The government’s true agenda

11. The government’s agenda for ‘the third sector’, with which Hammersmith’s strategy is consistent, is not, in my opinion, born out of the wish to support it and see it thrive, but out of the recognition that it has a large reserve of cheap flexible labour. To express the distinction, ‘third sector’, is a classic piece of Orwellian newspeak. They don’t want the voluntary sector to remain distinct so much as they want it to adopt a business model which better supports their purposes and becomes part of a market economy. The historic advantage of it being a distinct sector within the British economy will be lost, narrowing the choice of the user, and the communities it formally served.

12. The current downturn in the economy will make life more difficult among our client group. This will require voluntary agencies to respond to changing circumstances to meet client need. Being locked into the conditions inherent in a commission may limit the flexibility that is necessary, and that the sector has previously been known for.

Undermining voluntary action

13. One of the ‘eligibility’ criteria mentioned in section 6 of the strategy document is that users and residents should be involved in the design and delivery of services. One way, although not the only way, is for local people to be part of voluntary sector management committees, or boards of trustees. This becomes an increasingly less attractive proposition where what they manage is increasingly proscribed by commissioners. All voluntary agencies are now finding it next to impossible to recruit trustees, let alone suitable ones.

In conclusion

14. The proposed strategy reflects a considerable misunderstanding of the voluntary and community sector (VCS). It is something that has frequently depended on the choice made by citizens to band together in pursuit of a shared interest, or cause, or in response to a common concern. The VCS has always been distinct, and frequently had management committees drawn from it’s community, because it was accountable to the people it was created by and for. The sector has been an alternative provider which formed a bridge between the public sector and local communities, and an alternative to the private sector. The commissioning process assumes you can buy that; that you can set top-down specifications and targets, and that it will be the same thing as it was before you did all that. Just in case it isn’t the same thing, the process sets eligibility criteria in an attempt to determine what it is.
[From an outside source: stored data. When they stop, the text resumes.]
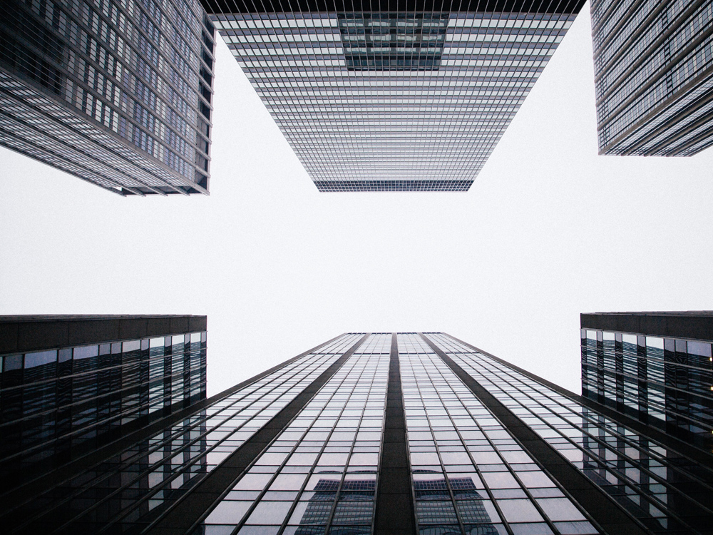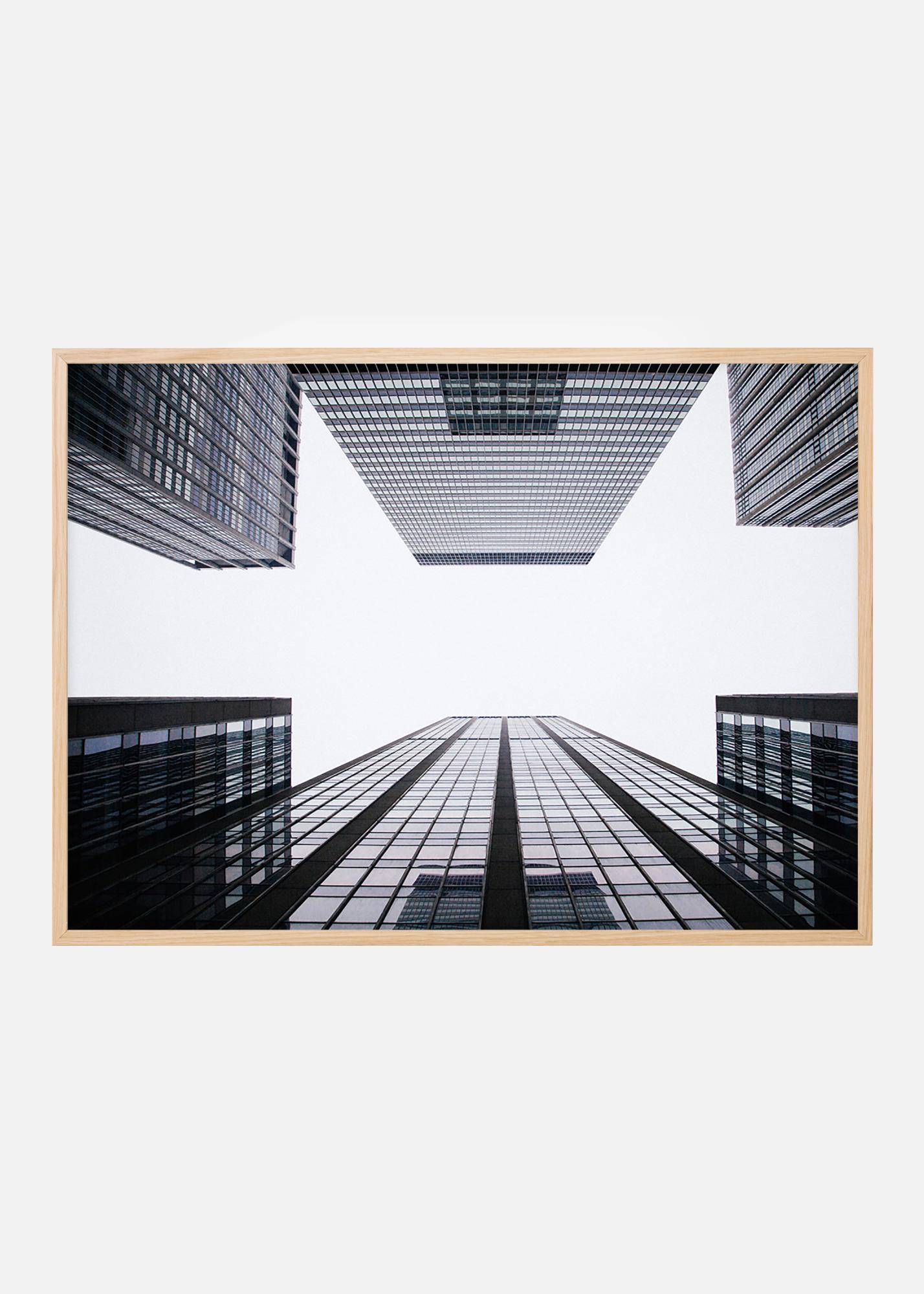 Póster de arquitectura con rascacielos en crecimiento hacia un cielo blanco como las nubes. Imagen elegante de edificios oscuros sobre un fondo blanco, con reflejos del cielo en los cristales. Un regalo perfecto para aquellos a quienes les gustan los retratos gráficos de edificios. La impresión se ve bien en un marco negro que resalta la oscuridad de la imagen y queda bien en combinación con otras fotografías de arquitectura.
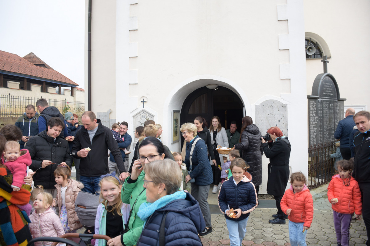 Po koncu svete maše smo se še se vsi skupaj zbrali in zadržali pred cerkvijo in se okrepčali s kruhom, ki so ga spekle mame otrok Petrovega vrtca. Bogu hvala za vse.
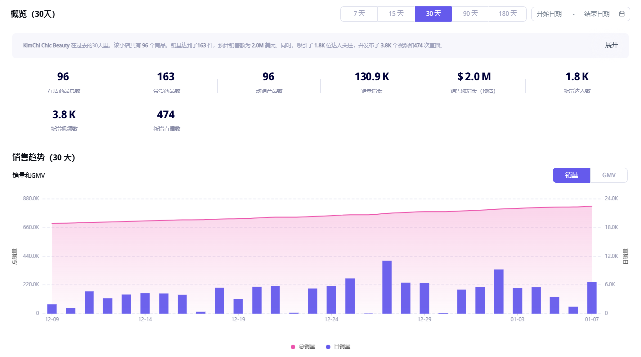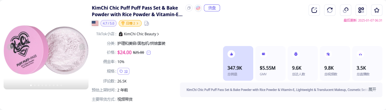 数据显示,2024年12月27日,KimChi Chic Beauty品牌单日销量达到1.11万单,销售额达到15.76万美元,这样的销量表现,足以说明合理的定价和吸引人的视频内容,确实对吸引消费者起到了很大的作用。
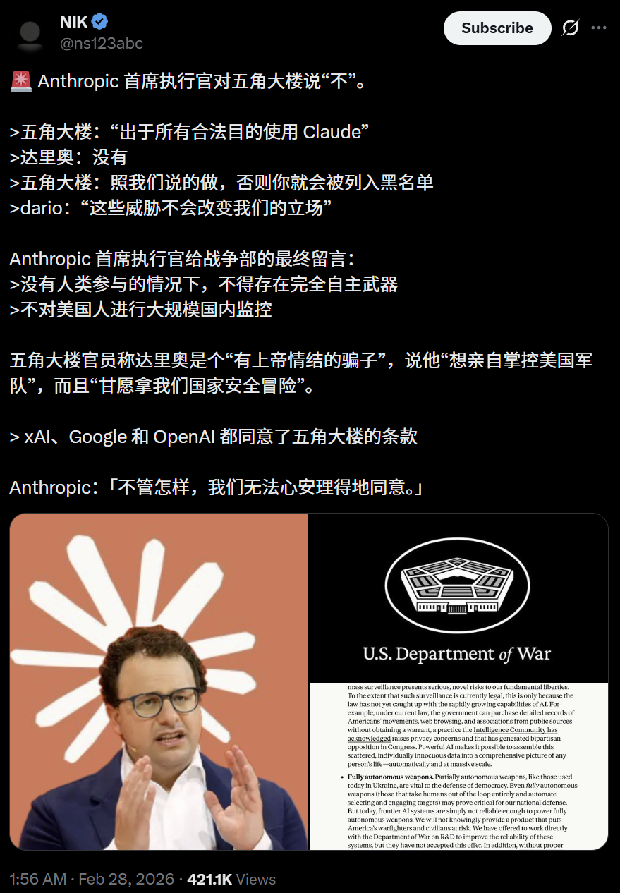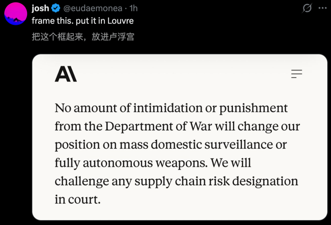 面对国防部的重压和「供应链风险」的封杀威胁,Anthropic毫无惧色,甚至直接宣布:
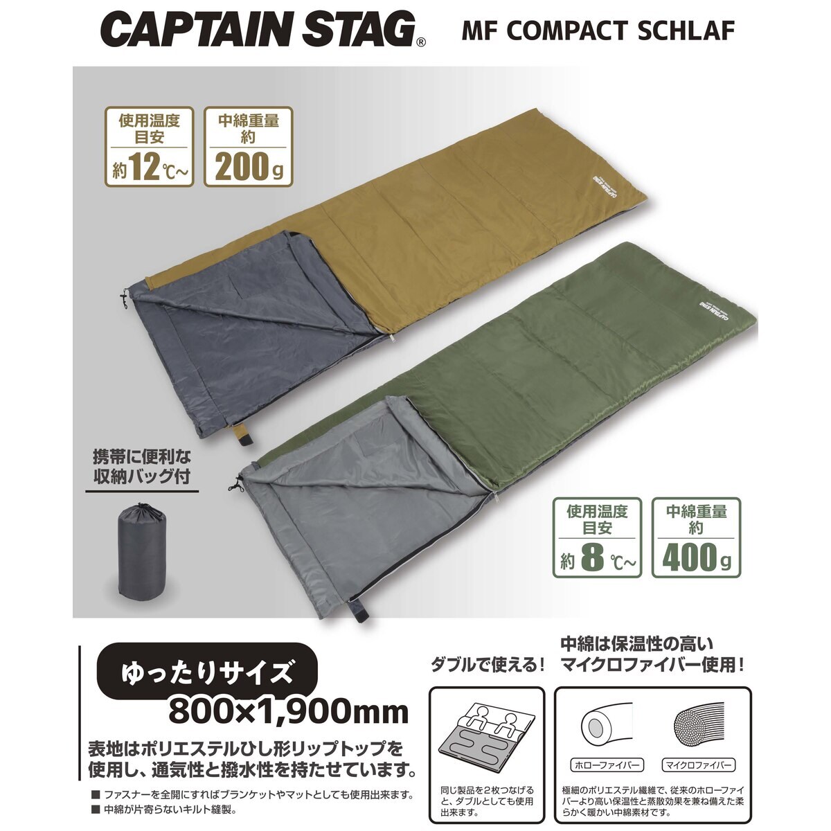 キャプテンスタッグ MFコンパクトシュラフ200 ブラウン UB-37関連キーワード:アウトドア レジャー キャンプ 寝袋 シュラフ

Up until the abolition of grant aid, in favour of service level agreements, towards the end of the 1980’s, the economic freedom that the VCS had, gave space for user and community involvement. These conditions proved to be very creative and to produce good outputs, and outcomes, under the scrutiny of the community itself. Since then there have been increasing measures taken to control and monitor the sector. I am unaware of any evidence to suggest that commissioning produces better outcomes than grant aid.

Councillor Antony Lillis, the Cabinet Member for Community & Children’s Services, is leading on this strategy. He says, in the introduction to the strategy document, ‘I’m a passionate supporter of the sector, and I, along with my Cabinet colleagues, value the passion and independence of the sector’. Unfortunately he doesn’t value the independence enough to abstain from destroying it.

Many people, and communities, worked long and hard to secure premises, create constitutions, raise money, and realise dreams and get things done that otherwise would not have happened. That’s where the golden egg comes into it. The results have been admired for decades, as has the creativity, local accountability, and the sheer energy. Councillor Lillis, and his colleagues, in my opinion, now want to appropriate this for their own purposes. I hope they realise that they can’t expect the golden goose to produce the same egg to order, or commission, or the good will of the community to be as productive when it is subjected to their contract culture.